[INFORMATION SHOWN — start]
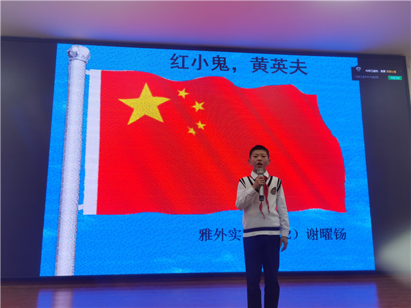 为庆祝建党100周年,4月29日,雅安市外国语实验小学以“红领巾 学党史 树初心”为主题开展了“党史我来讲,红色照我心”的演讲比赛。活动围绕百年党史中的青年志士和红色故事,旨在用党史故事传承红色精神,强化青少年思想政治引领,让少先队员们坚定听党话、跟党走的理想信念。
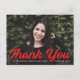 Simple and stylish graduation thank you postcard featuring the graduate's horizontal photo with "Thank You" in a bold red script. Personalise the front of the photo graduation thank you postcard by adding the graduate's name, school name, and graduation year. The postcard reverses to display your return address and custom thank you message.
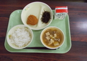 今日の給食は、「ごはん」「みそ汁」「ハンバーグ野菜あんかけ」「牛乳」でした。野菜あんかけはこの時期とても体が温まってよりおいしく感じますね。
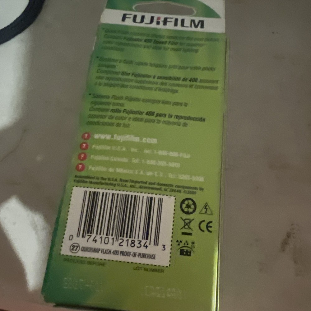 Capture your memories with the Fujifilm Quicksnap Smart flash 35mm Single Use Film Camera. This compact and easy-to-use camera features a built-in flash and a fixed focus to ensure you never miss a moment. The camera is black in color and was manufactured in 2009 in the United States. Take advantage of this camera's convenience and reliability to document your adventures. The Fujifilm Quicksnap Smart flash is a great option for anyone looking for a quality film camera. It comes in a unit quantity of one and belongs to the Compact series. Get your hands on this camera today and start capturing your world in stunning detail.
[INFORMATION SHOWN — finish]
Nothing but the lines from the line with "今日の給食は、「ごはん」「み" through the last line of the listing should be copied, exactly and with both ends kept. Leave pictures out.

RESULT FOR THIS EXERCISE:
 今日の給食は、「ごはん」「みそ汁」「ハンバーグ野菜あんかけ」「牛乳」でした。野菜あんかけはこの時期とても体が温まってよりおいしく感じますね。
 Capture your memories with the Fujifilm Quicksnap Smart flash 35mm Single Use Film Camera. This compact and easy-to-use camera features a built-in flash and a fixed focus to ensure you never miss a moment. The camera is black in color and was manufactured in 2009 in the United States. Take advantage of this camera's convenience and reliability to document your adventures. The Fujifilm Quicksnap Smart flash is a great option for anyone looking for a quality film camera. It comes in a unit quantity of one and belongs to the Compact series. Get your hands on this camera today and start capturing your world in stunning detail.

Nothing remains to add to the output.